A 180-nm CMOS Integrated Capacitance-to-Time Converter for Capacitive Sensing Applications

This paper presents the implementation of a capacitance-to-time converter in standard 0.18 μm CMOS technology. It is based on a square wave relaxation oscillator that incorporates both pulse width modulation (PWM) and proportional to magnitude (PM) dependencies. The circuit is designed to interface with differential capacitance sensors, but can also interface with single capacitance sensors using a reference capacitor. It works with various capacitive values, ranging from a few nanofarads to less than one picofarad, considering different external R0 resistor values. Characterization tests proved that the fabricated chips exhibit the expected performance across the full range of use, achieving a sensitivity of 207 μs/ΔpF in differential mode (110 μs/pF in single mode), and a resolution of 0.5 fF in differential mode (0.9 fF in single mode).
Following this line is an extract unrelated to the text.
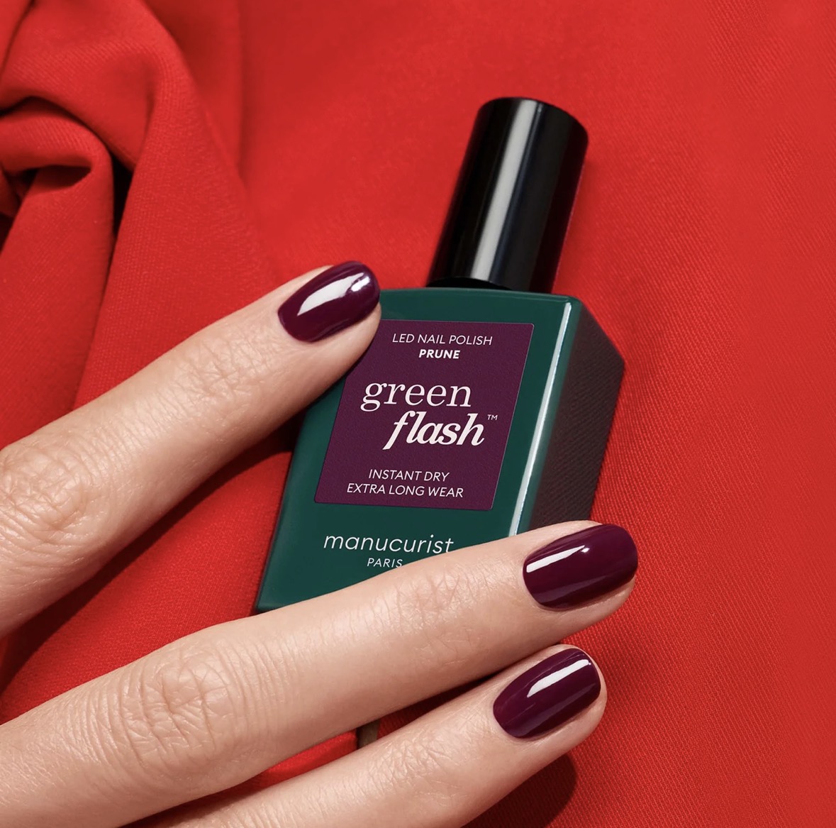 Green Flash, le 1er vernis LED sec immédiatement, ultra longue tenue et au retrait express avec un dissolvant sans acétone.

The circuit occupies a silicon area of 0.0044mm2, with a maximum power consumption of 1.5mW. The circuit has also been successfully tested in real applications, such as measuring liquid levels in microfluidic applications. By using COTS level-meters, it achieved a sensitivity of 0.4 pF/mL with a resolution of 100 μL. Measuring the dielectric constant in liquids was also demonstrated by using specifically designed 3D-printed fluidic capacitance sensors.